Parents can choose to send their kids to private schools as well. Toronto’s Catholic School Board operates 195 schools, offering a well-rounded education for elementary and secondary school children. The city has 80 additional private academies as well. However, keep in mind that while private education in Toronto is excellent, tuition tends to be steep.

Dynamic Cultural Hub

Being bored in Toronto is hard work. There’s so much going on! The city’s home to seven major sports teams (Maple Leafs, Raptors, Blue Jays, Argonauts, Rock, Marlies, and Toronto F.C.), so no matter what sport you follow, there’s always a game to catch. 

But don’t worry. There’s plenty to keep you entertained in the off-season too. You can check out the secret Arthur Conan Doyle Room at the Toronto Library, crack open one of the rare books at the Monkey’s Paw, snap a selfie at the Vlog Vault, or visit one of the city’s many annual festivals, such as:


  • Toronto International Film Festival.
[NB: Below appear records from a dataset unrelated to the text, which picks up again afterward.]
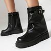 Fashion Designer Platform Flat Boots Women New Winter Fold Gothic Boot Buckle Zipper Fashion Brand Designer Ankle Boots Black White
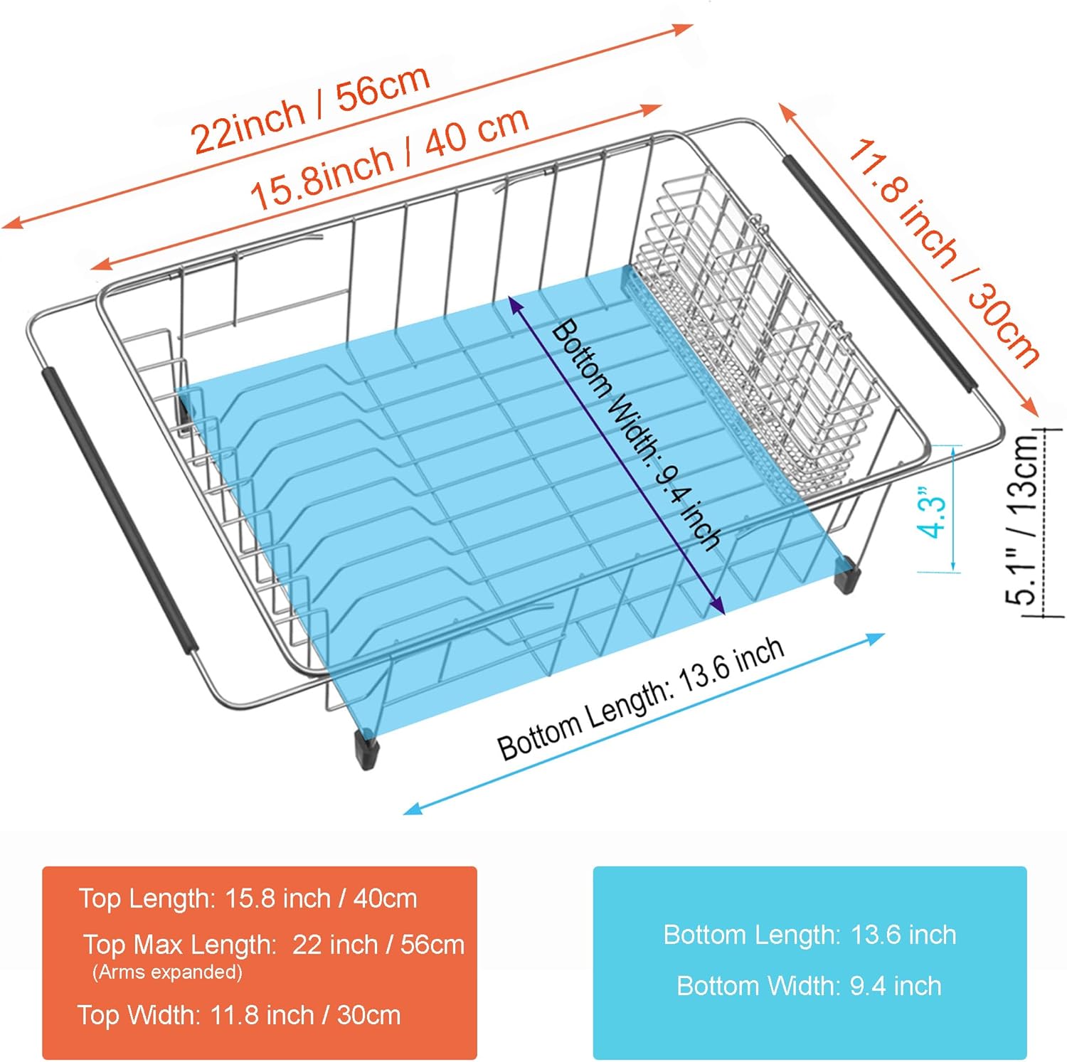 - ✔ EXTENDABLE & SUITABLE for Different Size Sink: The unit (collapsed) measures 15.8"(40cm) L x 11.8" (30cm) W x 5.1"(13cm) H, expands from 15.8" to 22.2" length to make it handy to place over a larger sink, fit your sink which is 16 to 22 inches length.
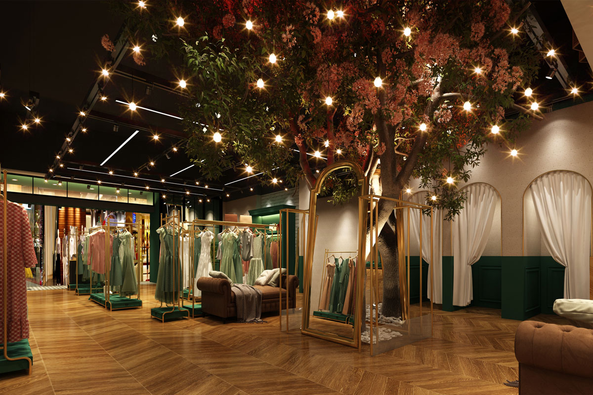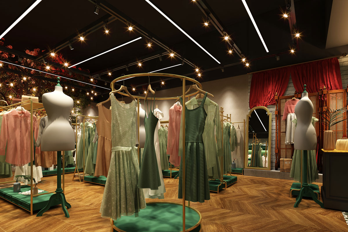 永祺此次的設(shè)計主題為優(yōu)雅女人,使用深棕色的木質(zhì)結(jié)構(gòu),作為設(shè)計主元素,突出品質(zhì)感。采用歐式古典風(fēng)格的吊燈和衣柜,營造出有溫度且充滿品質(zhì)感的選購空間。整個空間設(shè)計錯落有序,富有觀賞性,力求給消費(fèi)者構(gòu)造一個愉快舒適的購物環(huán)境。
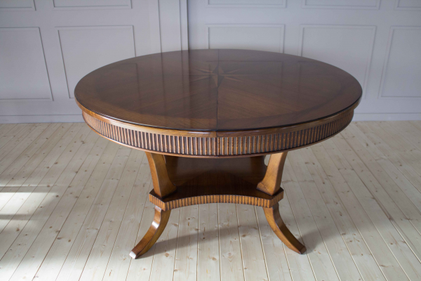Top Impiallacciato noce con intarsio Rosa dei Venti, struttura in faggio. Finitura a tampone a mano tonalità Noce Rosato
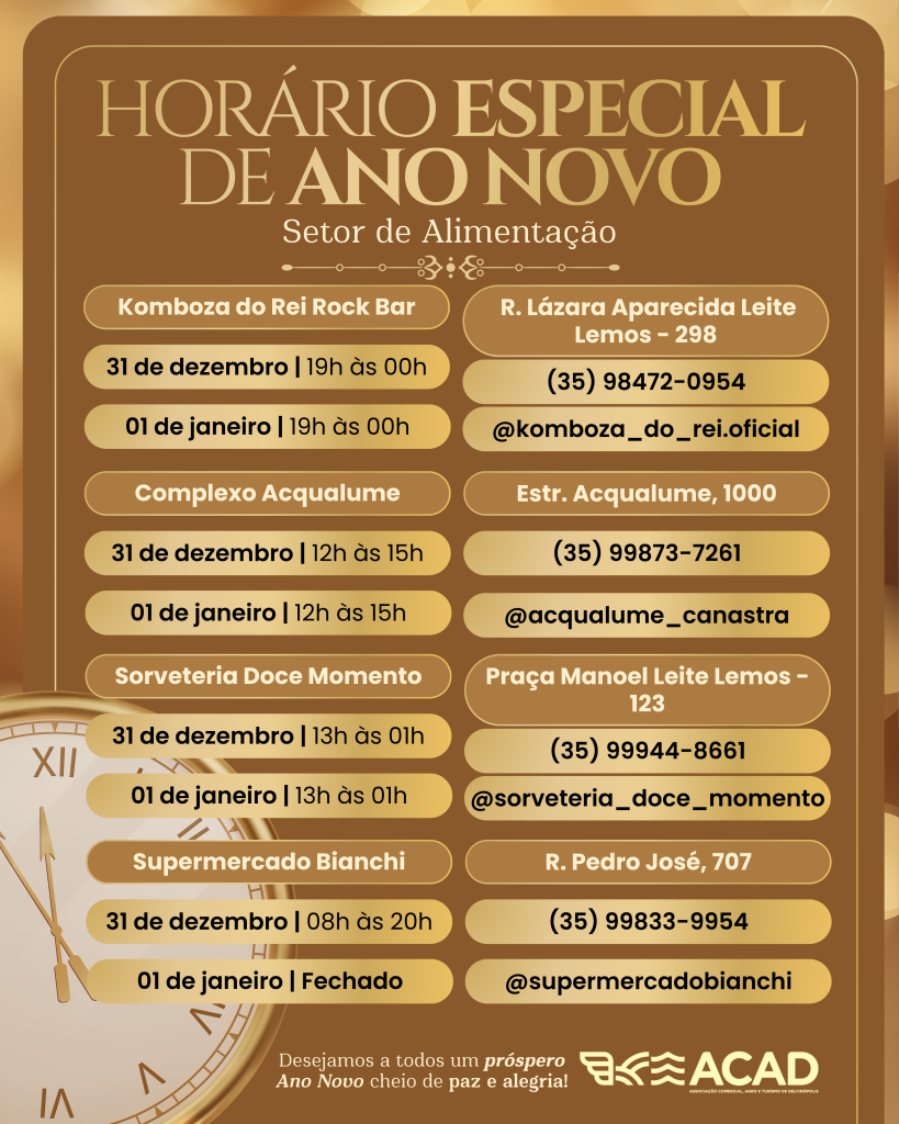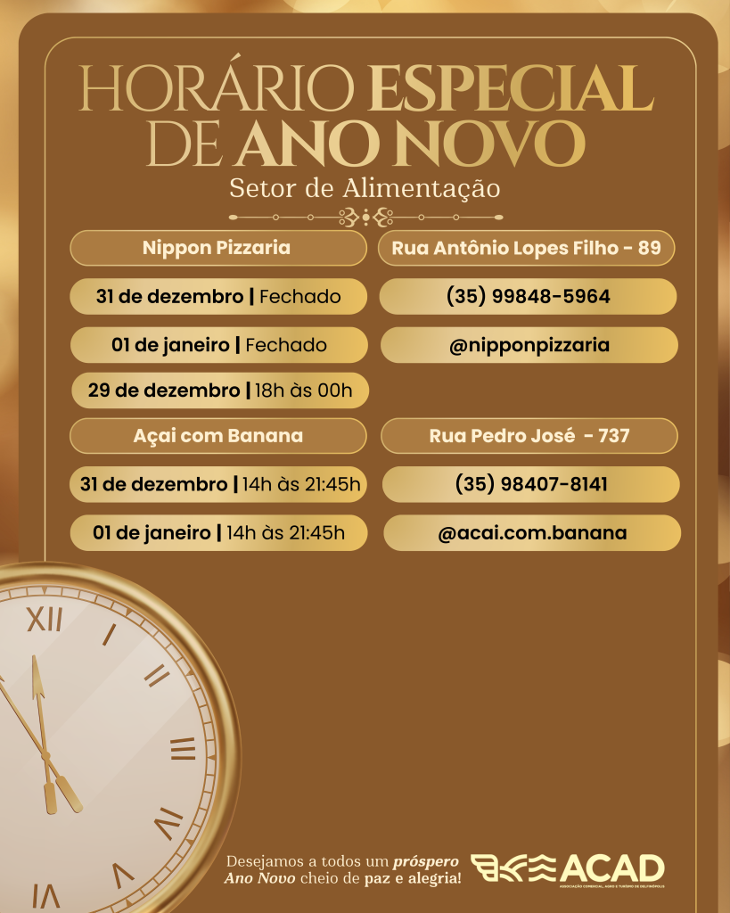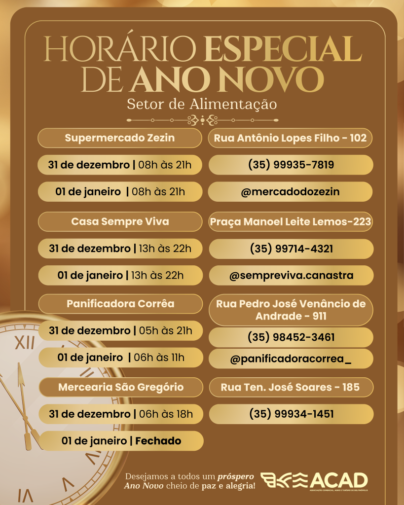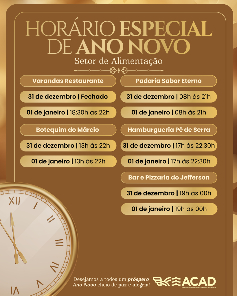 Com a proximidade das festividades de fim de ano, a Associação Comercial, Agro e Turismo de Delfinópolis (ACAD) divulgou o levantamento dos horários especiais de funcionamento do setor de alimentação durante o período natalino e de réveillon.
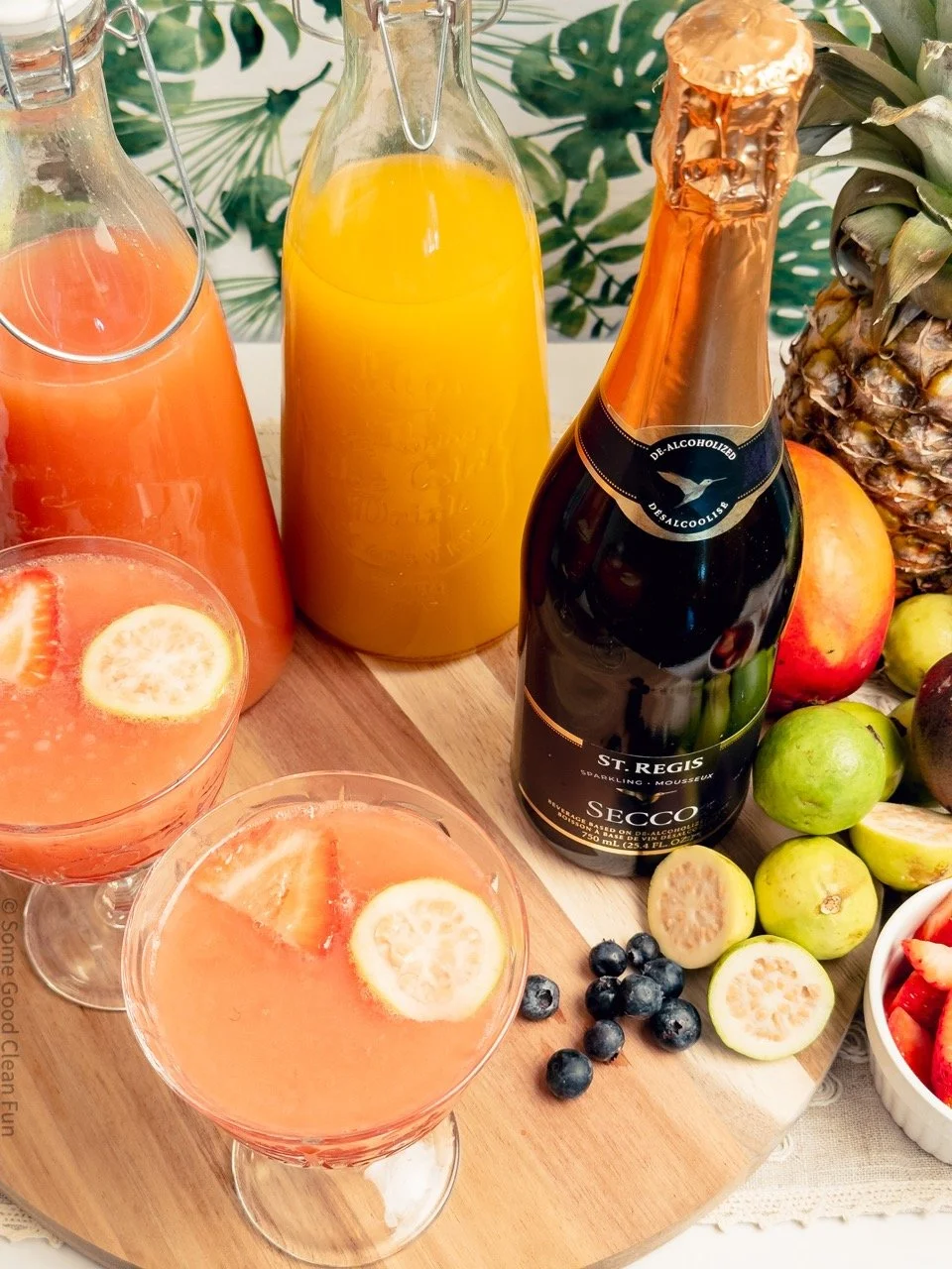 There are great tasting non-alcoholic bubblies, and if you want to elevate it even more, swap out the regular orange juice for tropical fruit juice for a really special treat.
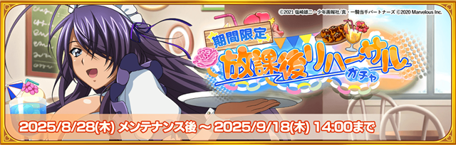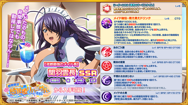 8月28日より開始した「放課後リハーサルガチャVol.1」では、新たに「【成都最強のメイド長】関羽雲長」(CV: 生天目 仁美)が登場! 同ガチャでは、「【成都最強のメイド長】関羽雲長」の排出率が、ほかの同レアリティの闘士より高くなっている。
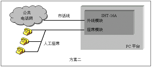 人工座席是呼叫中心(Call Center)一類應(yīng)用的主要組成部分。三匯語(yǔ)音卡對(duì)人工座席提供了兩套解決方案:使用SHU系列座席卡,通過(guò)交換總線與其它卡互聯(lián),為整個(gè)系統(tǒng)提供座席資源。使用SHT系列模塊化語(yǔ)音卡,在部分通道使用座席模塊,可用單塊卡實(shí)現(xiàn)座席和外線系統(tǒng)。第二種方式特別適用于小型呼叫中心,總機(jī)話務(wù)員等應(yīng)用。三匯公司的座席通道可以直接連接各類普通電話機(jī),利用座席卡配置相應(yīng)的軟件,還可以構(gòu)成板卡交換機(jī),完全取代企業(yè)用戶交換機(jī)。這類應(yīng)用的典型結(jié)構(gòu)如下圖:
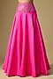 Featuring a pink skirt in silk base, adorned with a gleaming zari belt. It is paired with a silk strappy corset. Accentuate it with statement jewellery, heels, and a clutch for an engagement or a wedding ceremony.
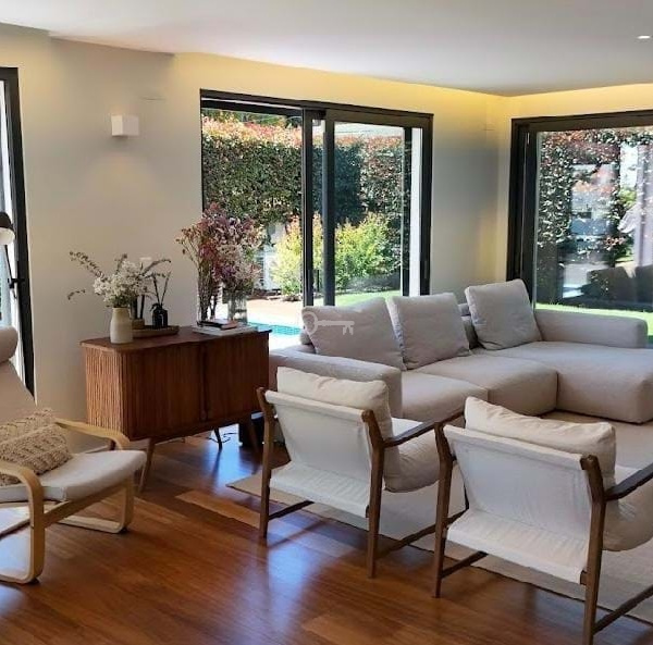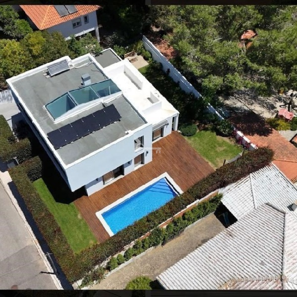 Odkryj nowoczesny styl życia w Birre, Cascais. Ta willa, położona na działce o powierzchni 600 m2, znajduje się przy cichej ulicy, z łatwym dostępem pieszo do szerokiej oferty usług, w mgnieniu oka dociera do centrum Cascais, a także do autostrady A5 i plaży Guincho. Architekci António Vidigal i Patrícia Gallo zaprojektowali nowoczesny i bardzo jasny dom. Wszystkie sypialnie są z łazienkami, co pozwala cieszyć się luksusem przestrzeni i prywatności w każdej starannie zaprojektowanej sypialni, z nowoczesnymi prywatnymi łazienkami dla niezrównanej wygody.
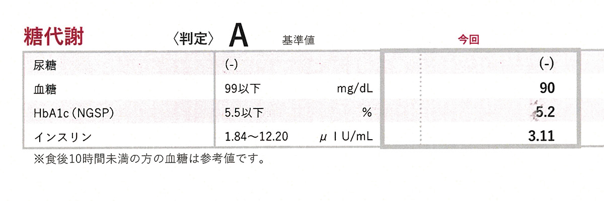 糖代謝の測定は空腹時血糖が90mg/dL程度とHbA1c5.5%未満であれば正常。糖代謝の異常は腎障害・神経障害・目の障害に繋がります。
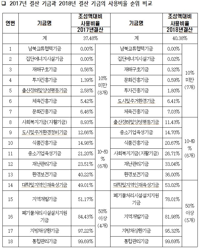 이 의원은 17년과 18년 결산 기준으로 기금의 사용비율을 분석하였다면서 총 기금 18개(통합관리기금 포함) 중에서 17년과 18년 각각 10%미만의 사용실적을 보인 기금은 남북교류협력기금을 비롯한 7~8개이고 10~50%미만 사용한 기금은 6개뿐이라며, 대부분의 기금은 활용도가 미진하고 대부분 기금액 늘리는데 급급하고 있다고 강하게 지적하였다.

A landmark showcase for independent filmmakers, held every year in the Bell Lightbox. It draws thousands of moviegoers and Hollywood stars. George Clooney, Bradley Cooper, Keira Knightley, and Lady Gaga have all walked Toronto’s red carpet. Notable films premiered at Toronto Film Festival include American Beauty, Slumdog Millionaire, and Green Book.

     

  • Canadian National Exhibition. The largest fair in Canada and the sixth largest in North America, featuring art exhibits, carnival rides, talent contests, gaming expos, live music, and an air show.

     

  • Royal Winter Fair. A celebration of food, agriculture, and horseback riding. Highlights include the Royal Rodeo, Royal Square Dancing Competition, and Royal Horse Show. In between, guests are invited to sample the food, check out the butter sculptures, or take a class at the Burnbrae Farms Culinary Academy.

     

  • Jazz Fest. Over 1,500 of the greatest musicians in North America descend on Toronto for ten days. Attendees can chill to some of the smoothest music in the world at some of the city’s greatest clubs and theaters.